登录 EN

添加临时用户

融合跨模态知识迁移的预训练大模型研究

Research on a Large Pre-training Model Incorporating Cross-modal Knowledge Transfer

作者:孙容一
  • 学号
    2020******
  • 学位
    硕士
  • 电子邮箱
    sry******.cn
  • 答辩日期
    2023.05.19
  • 导师
    郑海涛
  • 学科名
    计算机技术
  • 页码
    64
  • 保密级别
    公开
  • 培养单位
    599 国际研究生院
  • 中文关键词
    多模态预训练,单塔,双塔,并行式交互,跨模态知识迁移
  • 英文关键词
    Vision-Language Pre-Training, Fusion-based Encoders, Fusion-free Encoders, Parallel Attention Interaction, Cross-modal Knowledge Transfer

摘要

预训练模型在自然语言处理(Natural Language Processing, NLP)和计算机视觉(Computer Vision, CV)领域取得了惊人的成就,Transformer表现出的大一统趋势吸引了不同方向的学者投身于此。 构建一个支持视觉和语言的图文多模态预训练(Vision-and-Language Pre-training, VLP)模型,用以提升具有丰富应用场景的图文多模态任务的表现成为研究的热点。现有图文多模态预训练范式主要基于融合编码的单塔编码器或视觉-语言对偶编码的双塔编码器,两者均难以同时满足不同下游多模态任务的需求。 为了使模型能够同时支持图文理解任务和图文检索任务,提升模型在实际应用中的能力,本文基于双塔模型设计了一个可以从图文交互模式到无交互模式自由切换的模型。为满足上述目的,本文针对模型结构提出了并行式图文注意力交互机制,避免模型由图文交互模式切换到无交互模式时影响模型计算过程。
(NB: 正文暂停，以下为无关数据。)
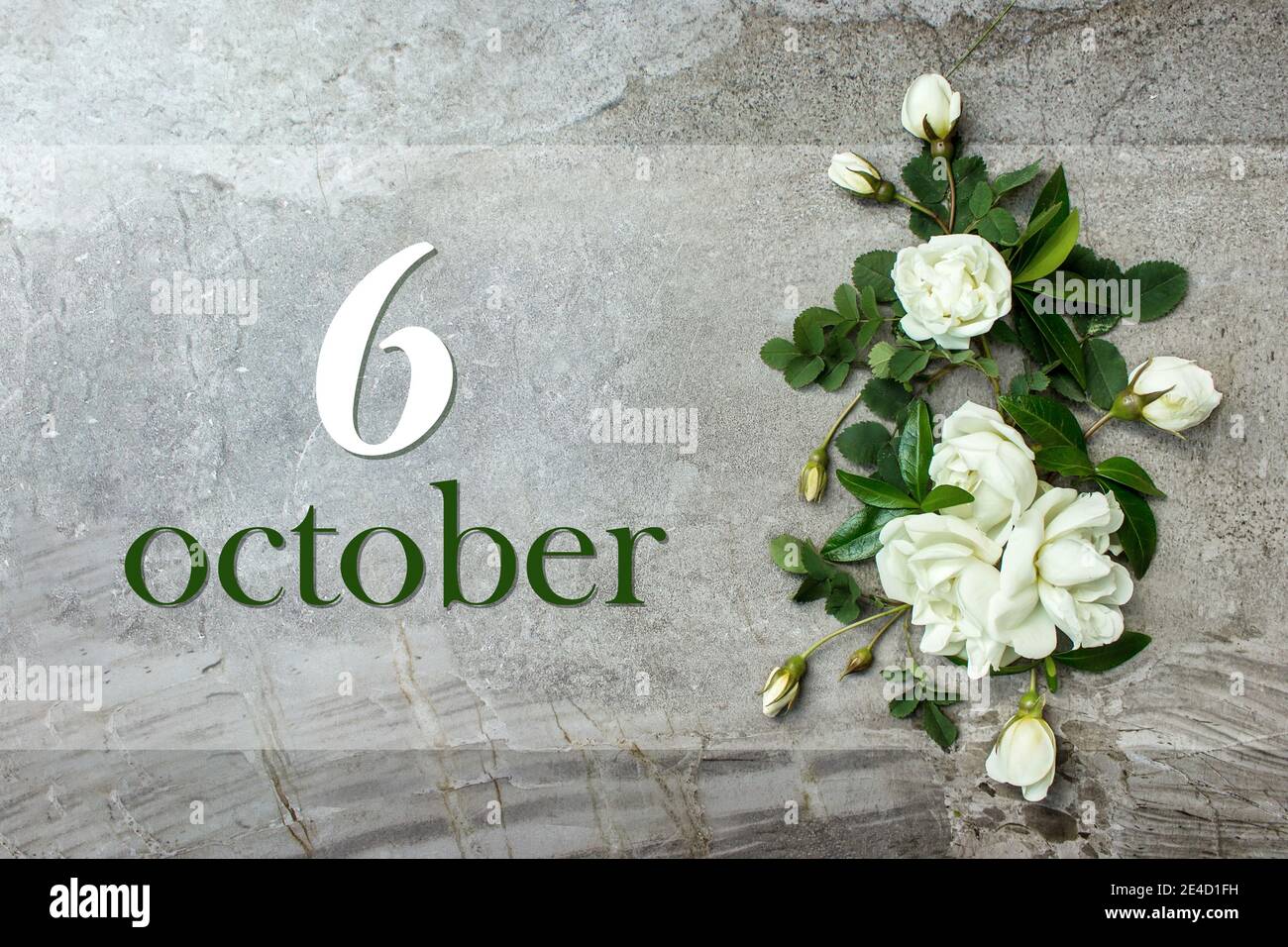 October 6th Day 6 of month Calendar date Stylish roses flat lay
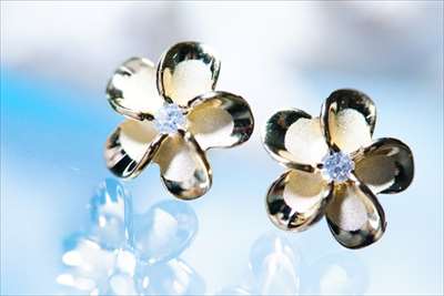 花にはクリアカラーのキュービックジルコニアが付いているので、光を受けるたびに澄み切った美しい輝きを放ち出し耳元にエレガントな印象を与えてくれます。

此外,为了在模型由图文交互模式切换到无交互模式时保留更多的图文交互知识,提升模型在图文检索任务上的表现,本文提出了跨模态知识迁移任务,帮助单一模态的特征从图文交互模块得到的多模态特征中学习更多的交互知识。由于预训练成本昂贵,本文先设计了以Transformer为基础的多模态对话模型来验证并行式图文注意力交互机制的有效性,实验结果充分证明并行式图文注意力交互机制能够灵活且有效地完成图文交互计算。在此基础上,进一步设计了以并行式图文注意力交互机制为交互方式的融合跨模态知识迁移的多模态预训练模型,在使用最为广泛的图文描述数据集GCC、VG、SBU和COCO上进行预训练,并在图文问答(VQAv2)、图文推理(NLVR2)和图文检索(Image-Text Retrieval, Image-Text Retrieval)上进行了充分的实验。结果表明,本文提出的多模态预训练模型能够在图文交互模式下优异地完成图文问答和图文推理任务,并可以灵活地切换到无交互模式下高效地完成图文检索任务,在评价指标上超越了使用同等预训练数据进行训练的同等参数规模的模型,表现出了卓越的性能。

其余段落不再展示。